Построим этот мир во всех подробностях из того, что снаружи. Настоящие саванны, настоящие леса умеренной зоны, настоящие болота. Братья ван Эйк вписали в Гентский алтарь 75 опознаваемых видов растений. Я хочу, чтобы в «Господстве 7» насчитывалось 750 видов симулированных растений, и каждое – со своим поведением…

Пока он пишет, стучатся и входят работники с документами на подпись, спорами на его суд. В их лицах не видно ни отвращения, ни жалости к огромной трости, торчащей в кресле. Они к нему привыкли, эти молодые кибернавты. Они даже не замечают катетер, который опустошается в резервуар, висящий на раме кресла. Они знают, сколько Нилай стоит. Сегодня стоимость акций «Семпервиренс» втрое превысила прошлогодний выход на IPO. Этому дистрофику в кресле принадлежат двадцать три процента компании. Он их всех озолотил – а сам стал богаче величайших императоров игры.

Нилай отправляет новую служебную записку размером с целую брошюру, и тут на него находит тень. И тогда он делает то, что делает всегда в отчаянную минуту: звонит родителям. Трубку поднимает мать.

– О, Нилай. Я так, так за тебя рада!

– Я тоже рад, Moti. У вас все хорошо? – И тут не важно, что она ответит. Pita слишком много спит. Планируется поездка в Ахмедабад. Гараж захватили божьи коровки – очень пахучие. Может, она скоро радикально подстрижется. Нилай упивается всем, о чем рассказывает мать. Жизнь во всех жалких подробностях, которые еще не влезают ни в какую симуляцию.

Но затем – убийственный вопрос, и в этот раз – так быстро:

– Нилай, мы тут все еще думаем, что тебе можно кого-то найти. В нашем сообществе.

Как они только не затаскали эту тему за годы. Затягивать в такую жизнь женщину – социальный садизм.
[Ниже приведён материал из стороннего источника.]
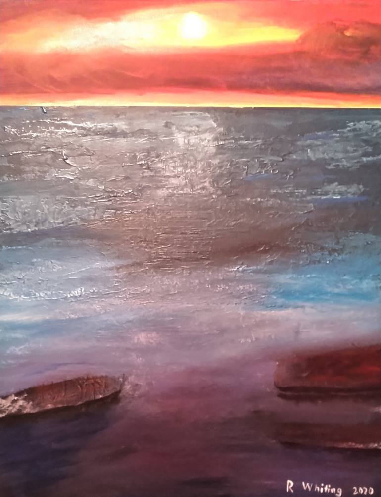 I am trying to express my feelings of calm while anticipating a storm on the horizon. I use a mixture of brushes and pallet knives to get the textures that I want to achieve.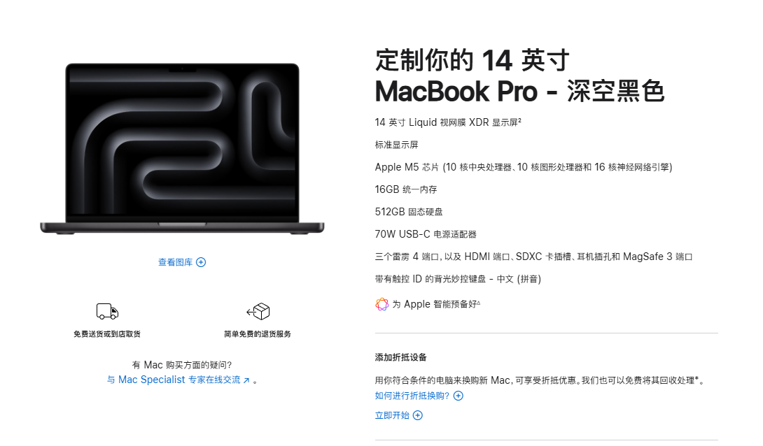 14英寸MacBook Pro同样搭载M5芯片,配备10核中央处理器与10核图形处理器,拥有Liquid视网膜XDR显示屏,支持增强图形功能与第三代光线追踪技术,最高可选配32GB统一内存与4TB固态硬盘,起售价为12999元。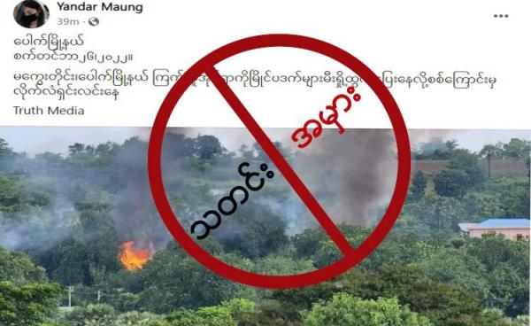 ဒီသတင်းအမှားကို Yandar Maung ဆိုတဲ့ Facebook အကောင့်ကနေ “မကွေးတိုင်း၊ ပေါက်မြို့နယ် ကြက်ဆူအိုင့်ရွာကို မြိုင်ပဒက်များ မီးရှို့ထွက်ပြေးနေလို့...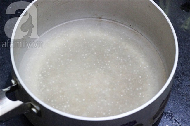 Cho bột báng vào nồi, đổ ngập nước đun sôi thì vặn nhỏ lửa đun tiếp đến khi bột báng trong là được.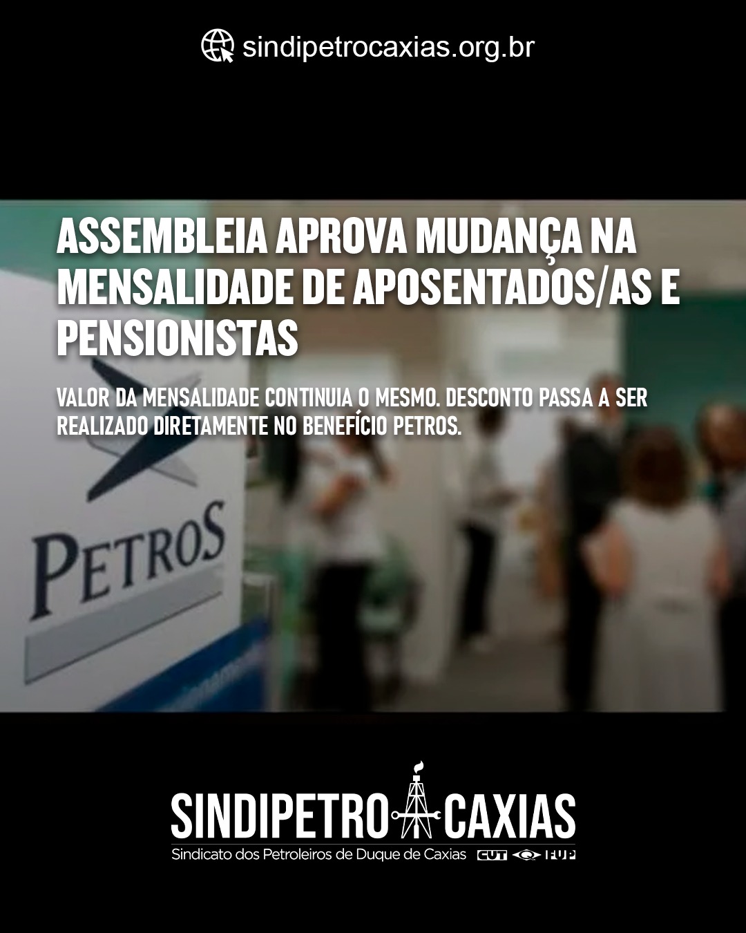Em assembleia do Sindipetro Caxias, realizada nessa terça-feira, 3 de fevereiro, foi aprovada por unanimidade a adequação da forma de desconto da mensalidade associativa de aposentados/as e pensionistas, em razão das alterações na legislação federal que proibiram o desconto de entidades associativas diretamente nos benefícios pagos pelo INSS.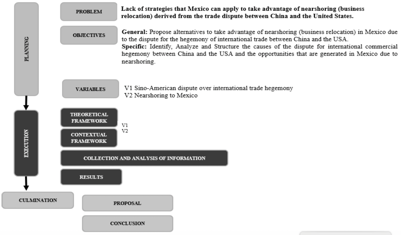For this purpose, a contrast was made between several reports in which the causes of the dispute for hegemony over international trade between China and the USA and the opportunities that business relocation to Mexico provides were analyzed. Based on this, Figure 1 shows the research method used to explain the behavior of the object of study and the corresponding variables.

– Нет, Moti. Мы об этом уже говорили.

– Но, Нилай. – Он слышит в ее словах: «Ты же стоишь миллионы, десятки миллионов, а то и больше – даже своей матери не говоришь! Так в чем тут самопожертвование? Кто тут не научится любить?»

– Мам? Надо было тебе уже признаться. Есть одна женщина. Вообще-то моя сиделка. – Звучит вполне достоверно. Затишье на другом конце провода сокрушает его отчаянной надеждой. Нужно какое-то не вызывающее подозрений и успокаивающее имя, чтобы самому не забыть. Рули, Руту.

– Ее зовут Рупал.

Страшный вдох – и она плачет.

– О, Нилай. Я так, так за тебя рада!

– Я тоже, мама.

– Ты познаешь истинное счастье! Когда мы с ней встретимся?

Он удивляется, как его преступный разум не предусмотрел такую мелочь.

– Скоро. Не хочу ее спугнуть!

– Ее спугнет твоя родная семья? Что это за девушка такая?

– Может, в следующем месяце? Под конец? – Он рассчитывает, конечно, что мир закончится задолго до этого. Уже предчувствует безграничную скорбь матери из-за симулированного разрыва всего за несколько дней до встречи. Но он уже осчастливил ее в единственном месте, где люди живут по-настоящему, – в пятисекундном окне Сейчас. Все хорошо, и еще до конца разговора он обещает людям и в Гуджарате, и в Раджастане предупредить минимум за четырнадцать месяцев, чтобы освободить время, купить билеты и подготовить сари, что обязательно для любой свадьбы.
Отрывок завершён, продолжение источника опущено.